───── DATA FOR REVIEW ─────

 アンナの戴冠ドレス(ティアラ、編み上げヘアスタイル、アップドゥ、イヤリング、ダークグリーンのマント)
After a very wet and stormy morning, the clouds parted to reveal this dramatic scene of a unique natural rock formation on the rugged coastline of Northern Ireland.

─────
───── DATA FOR REVIEW ─────

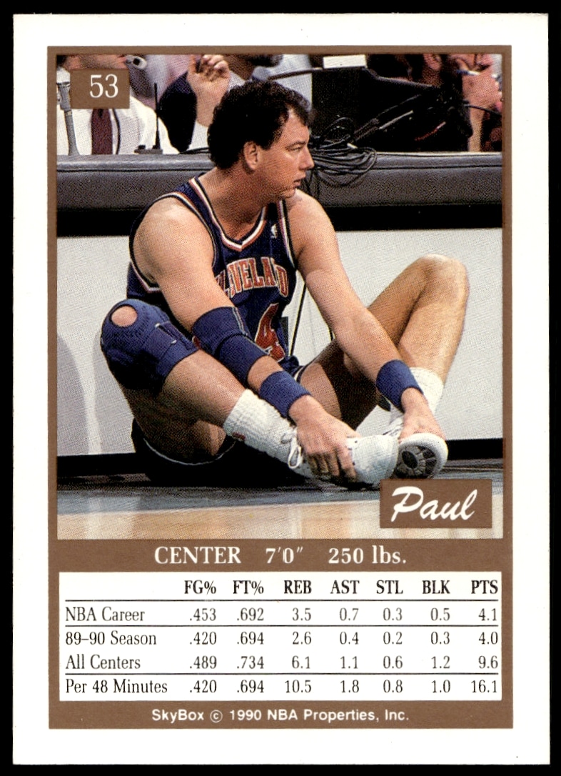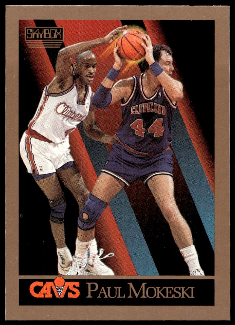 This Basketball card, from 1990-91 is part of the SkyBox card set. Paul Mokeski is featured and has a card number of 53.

─────

## TASK TO CARRY OUT
Print exactly the lines of the listing above starting at the line containing "アンナの戴冠ドレス(ティアラ" and ending at the line containing "After a very", both included.

## RESPONSE FOR THIS EXERCISE
 アンナの戴冠ドレス(ティアラ、編み上げヘアスタイル、アップドゥ、イヤリング、ダークグリーンのマント)
After a very wet and stormy morning, the clouds parted to reveal this dramatic scene of a unique natural rock formation on the rugged coastline of Northern Ireland.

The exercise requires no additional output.